EBV has been detected in 2-16% of gastric carcinomas. However, there is little information available about the gene expression profile of EBV-positive gastric carcinomas.


EBV infection was examined using EBV-encoded small RNAs (EBERs) in situ hybridization, and 63 (5.6%) of 1127 consecutive gastric carcinomas were found to be EBV-positive. The expressions of 27 tumor-associated proteins were evaluated immunohistochemically in 63 EBV-positive gastric carcinomas and 287 EBV-negative carcinomas using the tissue array method.
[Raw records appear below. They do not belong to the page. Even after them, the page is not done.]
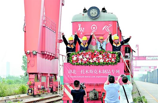 湖北日报讯 图为:由俄罗斯托木斯克州开往武汉的木制品专列顺利抵汉。(湖北日报全媒记者 倪娜通讯员 王遥遥 摄)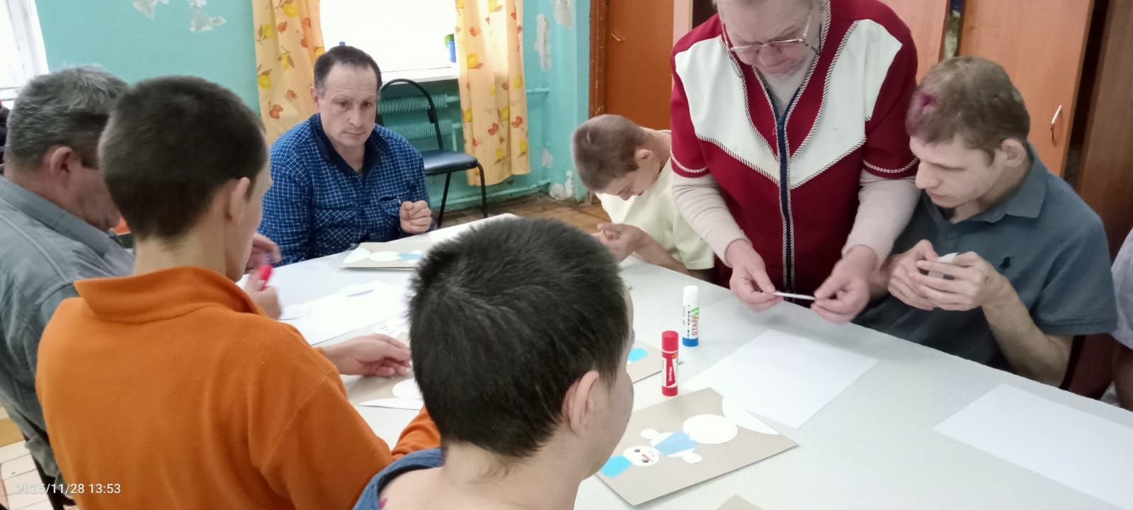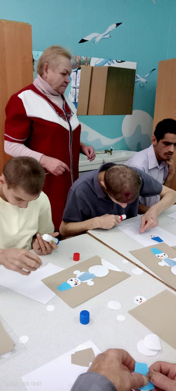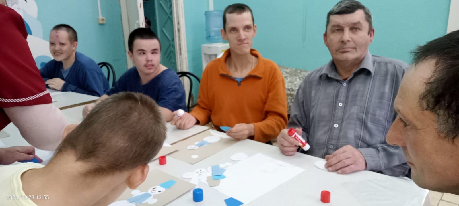Сегодня в отделении милосердия №1 ОГБУ "Сусанинский ПНИ» прошло интересное мероприятие, посвященное уходу осени и приходу зимы. Под руководством инструктора по труду Куракиной А.Е. социальные клиенты с большим энтузиазмом занимались созданием аппликаций в виде милых снеговиков.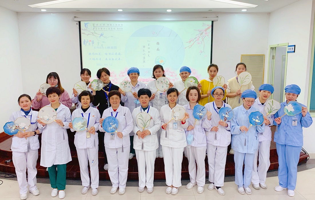 4月12日下午,走进门诊四楼学术报告厅,悠悠散来一阵墨香,只见身着白衣的护士小姐姐们,正聚精会神的描绘着一幅幅工笔花鸟图,纤手执画笔,在絹面团扇上勾、描、点、染,看这阵势,是不是以为这些都是专业级画手呢?其实不然,今天来的都是零基础的绘画“小白”。我们胃肠外科巾帼文明岗岗员阮芳圆也积极参与了此次活动,活动结束,护士姐妹们表示,对于此项活动感到非常满意,称不仅了解了传统国画的基础技法,还在绘画的过程中解压释放了工作压力,以后感到疲累的时候,画画也成为一项解压选择了。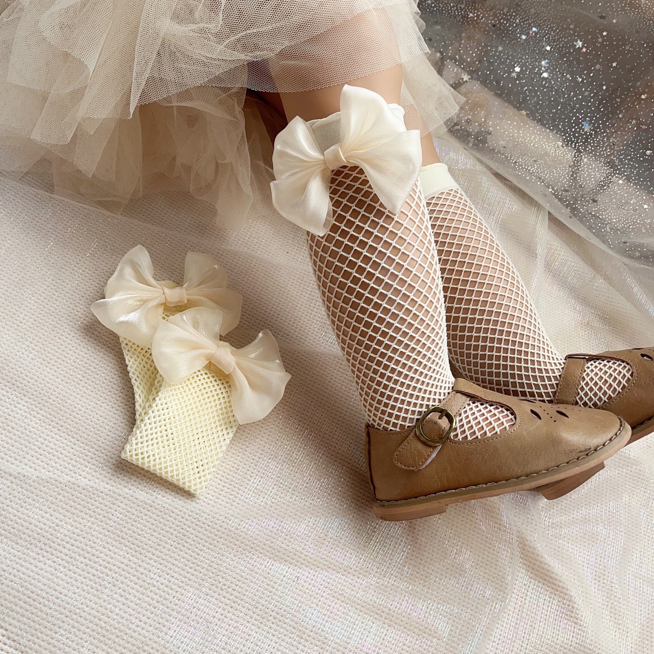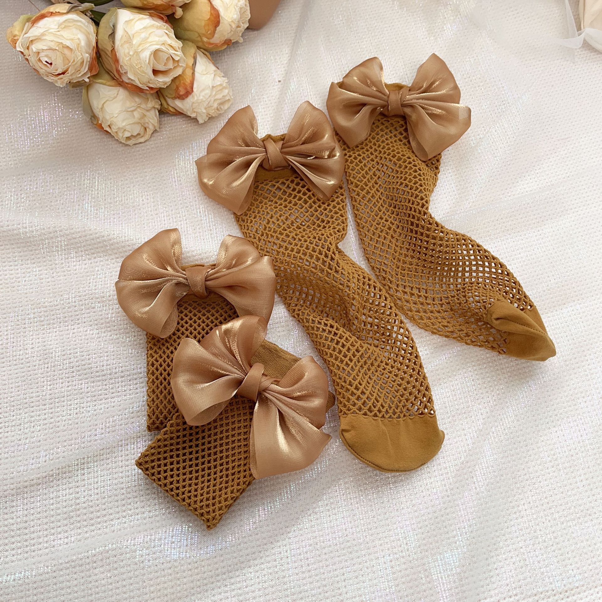 In 어린이 망사 양말 히비스커스 새틴 활 Lolita 중반 송아지 아기 양말 여름 아마존 핫

In addition, the genotype of EBV was investigated by PCR amplification of LMP1 (latent membrane protein 1), Epstein-Barr nuclear antigen 2 (EBNA2), and EBNA3B genes.
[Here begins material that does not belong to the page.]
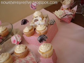 I made yummy cupcakes with a delicious frosting recipe I found on Pinterest. Topped with pearl sprinkles, they were the perfect girly cupcake. I thought the patterned boxes were perfect holding the cupcakes.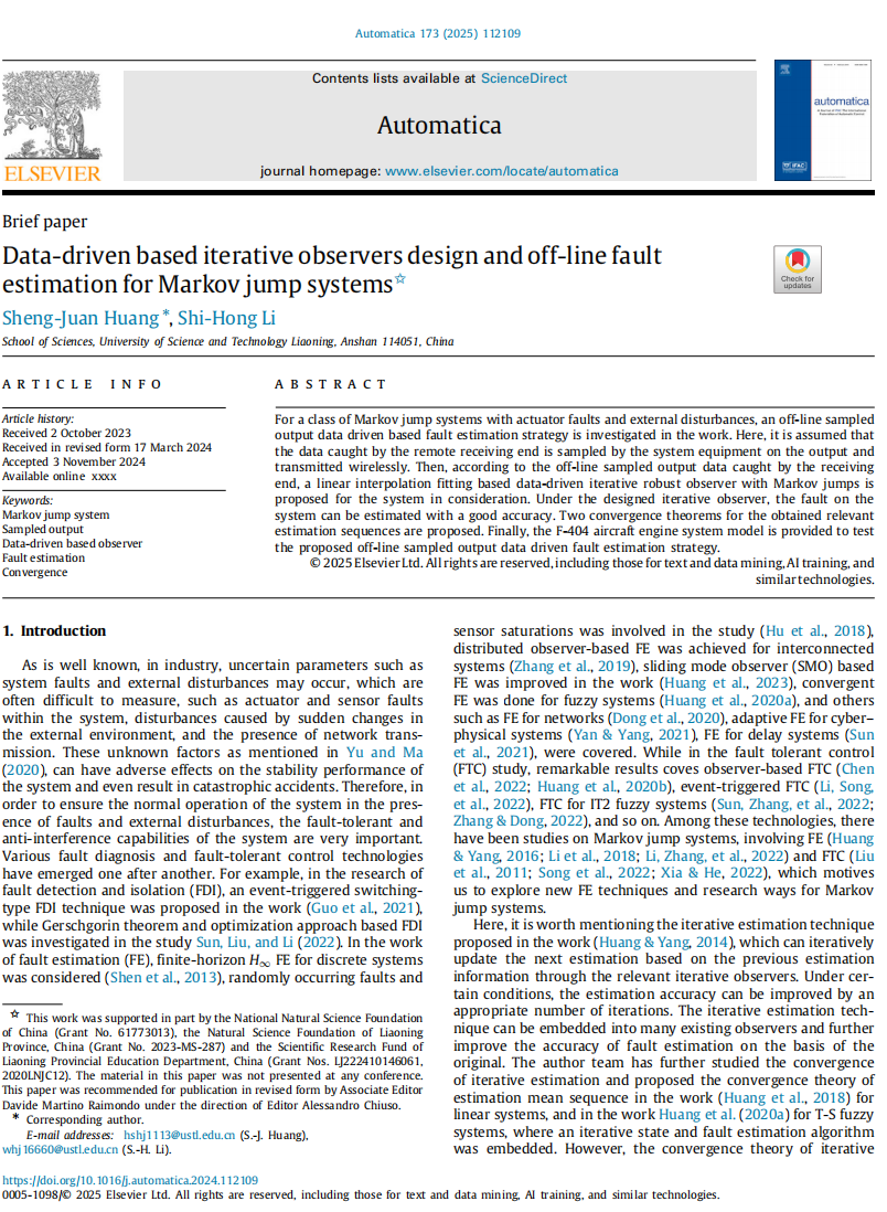 8xbet手机客户端“数学方法与智能控制理论”团队首次在该顶级期刊发表学术成果“Data-driven based iterative observers design and off-line fault estimation for Markov jump systems,Automatica,2025,173:112109”。该学术成果是由科研团队负责人黄胜绢(S.-J.Huang)教授及其指导的研究生李世鸿(S.-H.Li)合作完成。该学术成果主要针对一类具有马尔可夫跳变的控制系统,通过系统的离散采样输出数据,结合线性插值拟合方法构建了一种基于数据驱动的迭代观测器,实现了对系统的状态和故障的准确估计,从而完成对系统的远程故障诊断。同时,该学术成果提出了一种积分序列收敛性理论,确保逼近残差在一定条件下是收敛的,突破了传统故障估计方法只能确保逼近残差范数有界的局限,在确保系统安全性和可靠性方面有着重要的理论和应用价值。

EBV-positive gastric carcinomas are characterized by the presence of lymphoid stroma, proximal location, and predominance in males. In comparison with EBV-negative carcinomas, EBV-positive carcinomas showed frequent loss of expression of p16, smad4, FHIT, and KAI-1 (kangai 1; P < 0.05), but retained the expression of APC (adenomatous polyposis coli), DCC (deleted in colorectal cancer), and some DNA repair proteins (P < 0.05). There was negative association between EBV infection and the expression of MUC1, MUC2, MUC5AC, p53, CEA, C-erbB2, and smad7. Using hierarchical cluster analysis, we divided EBV-positive gastric carcinomas into two clusters. Those patients with cluster 1 (42 cases) carcinomas had a better prognosis than those with cluster 2 (12 cases; P = 0.0002) or those with EBV-negative carcinomas (280 cases; P = 0.0251). Fifty-one (92.7%) of 55 EBV-positive carcinomas demonstrated the 30-bp deletion in LMP1 gene, and 53 (96.4%) of 55 cases were type 1 for EBNA2 and EBNA3B genes.


EBV-positive gastric carcinomas have a distinct protein expression profile as well as distinct clinicopathological features, as compared with EBV-negative carcinomas. The subclassification of EBV-positive carcinomas, by hierarchical cluster analysis, is significantly associated with patient survival.